Portland Poet hears voices of Israel

As a judge of the Voices Israel poetry competition, Portland poet and artist Willa Schneberg listened to the diverse voices of some 300 poets and also shared her own voice with the members of a group dedicated to English poetry in Israel.

Willa says through both the poems and homestays, she learned that “the diversity of how people experience being Jewish in Israel is unbelievable.”

One morning she awoke in the Jerusalem home of an Orthodox family, where she relished the opportunity as a secular spiritual person to “enter their life” and experience a kosher home in which they pray three times a day. That night she was hosted by a very secular Tel Aviv woman who took her out to dinner at a non-kosher restaurant on the Mediterranean. She spent another day in the mystical city of Tsfat, where she was able to “get a sense of the rhythm of their lives” as a “renewal oriented and mystically oriented people.” In Tsfat she also was able to visit a potter with whom she studied while living in Israel in 1987-88, when she was a social worker interacting with children from troubled homes and with profoundly retarded adults.

This event marked Willa’s second opportunity to judge Voices Israel. The first time was 2004-5, when she was the only judge; this year she was the international judge along with two Israeli judges. She says all the winning poems have what Robert Frost described as “a fresh look and a fresh listen.”
The winning poems, which range from lyrical and mystical to the simple contentment of a Golan cowboy, will be published in the Voices Israel annual anthology. (See Willa’s descriptions of the three winners and 10 honorable mentions next page).

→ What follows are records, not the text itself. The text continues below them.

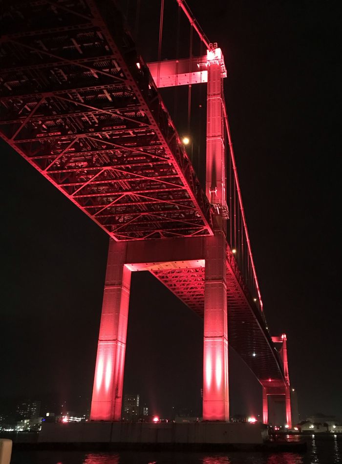 ライトアップされた若戸大橋は、昼間とはまた違った燃え上がるような赤さになります。
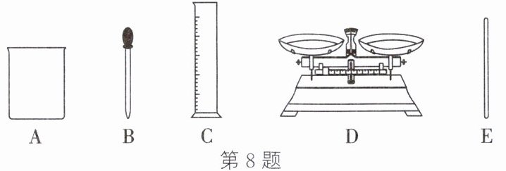 8. (2025·辽宁)同学们发现某绿植出现倒伏现象,施用氯化钾溶液可改善其症状。现配制 100 g 溶质质量分数为 3%的氯化钾溶液(用时稀释)。实验所需部分仪器如下:
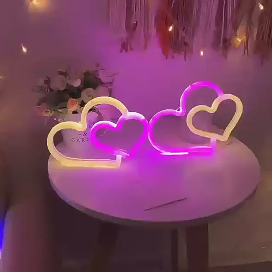 Néon à Led Forme Double Coeur | Une Touche Romantique pour Votre Intérieur
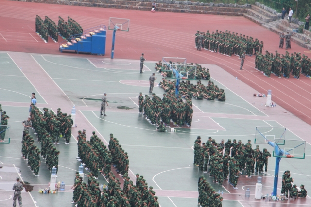 操练一会,教官们还让同学们坐下来,教同学们唱歌,教如何赛歌,有的班还让同学表演街舞之类。
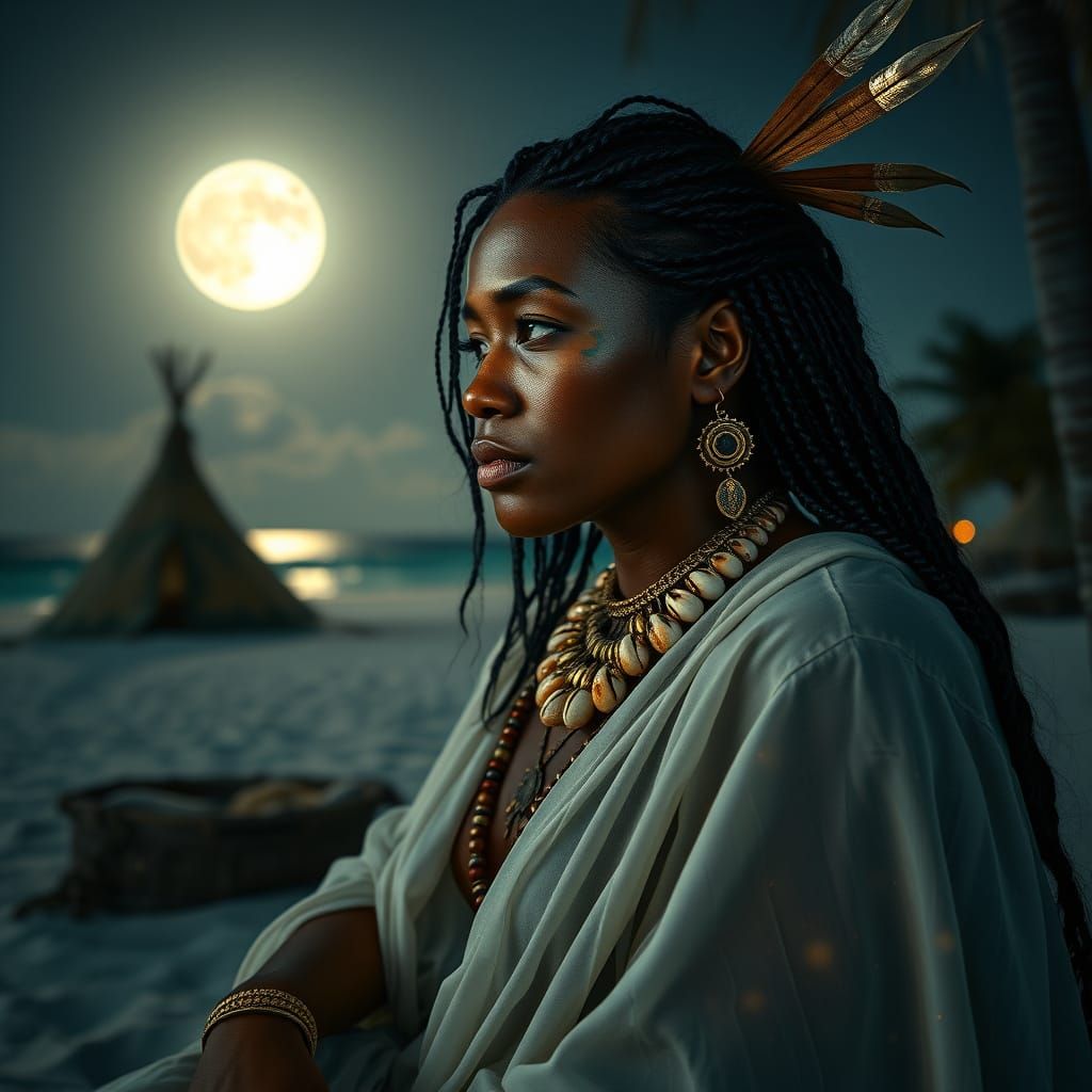 portrait artistique, photographique et hyperréalisme d'une très belle esclave iroquoise, à la longue chevelure noire comme l'ivoire ornée de colliers de coquillages entremêlés dans sa chevelure. et de splendides boucles d'oreilles en or. Elle a la peau laiteuse, ornée de marques tribales scintillantes ...

A clinical social worker in private practice, Willa is the winner of an Oregon Book Award and the author of five books of poetry. She says that the highlight of the trip was the opportunity to read from and talk about her latest collection, Rending the Garment, at a book party one of the Voices members hosted.

“Rending the Garment is about one Jewish family – mine,” explains Willa. “In Israel, I was able to use Yiddish terms that people knew. People deeply entered my work and understood what it was like for my family of first-generation Americans with Yiddish as their first language. People responded more profoundly (than at U.S. readings).”

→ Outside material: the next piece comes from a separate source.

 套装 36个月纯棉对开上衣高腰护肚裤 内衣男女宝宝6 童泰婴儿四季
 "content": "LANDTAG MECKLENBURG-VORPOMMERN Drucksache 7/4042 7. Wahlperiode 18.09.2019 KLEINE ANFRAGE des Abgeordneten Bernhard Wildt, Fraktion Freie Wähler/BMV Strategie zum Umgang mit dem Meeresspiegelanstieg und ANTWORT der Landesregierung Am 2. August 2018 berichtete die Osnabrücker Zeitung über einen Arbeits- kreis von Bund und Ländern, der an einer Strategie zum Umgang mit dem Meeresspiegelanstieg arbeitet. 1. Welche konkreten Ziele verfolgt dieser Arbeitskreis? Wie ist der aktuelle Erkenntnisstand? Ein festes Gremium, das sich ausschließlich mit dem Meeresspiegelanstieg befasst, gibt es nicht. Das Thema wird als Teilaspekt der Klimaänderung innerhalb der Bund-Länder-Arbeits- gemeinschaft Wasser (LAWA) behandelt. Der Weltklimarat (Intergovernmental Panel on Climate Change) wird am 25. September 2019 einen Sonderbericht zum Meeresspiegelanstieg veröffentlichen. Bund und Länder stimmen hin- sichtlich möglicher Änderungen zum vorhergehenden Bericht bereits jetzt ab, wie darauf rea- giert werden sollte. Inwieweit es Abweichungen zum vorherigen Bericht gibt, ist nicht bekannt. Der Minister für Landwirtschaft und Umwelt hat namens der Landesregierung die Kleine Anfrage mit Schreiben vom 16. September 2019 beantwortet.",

While in Israel, Willa also presented two workshops: one focused on writing poetry inspired by the news and the other on writing the persona poem. She presented both workshops in Jerusalem and Tsfat so Voices members from different parts of the country could participate. Writing from the news was especially topical, since many of the entries in this year’s contest were reflections on last summer’s war in Gaza.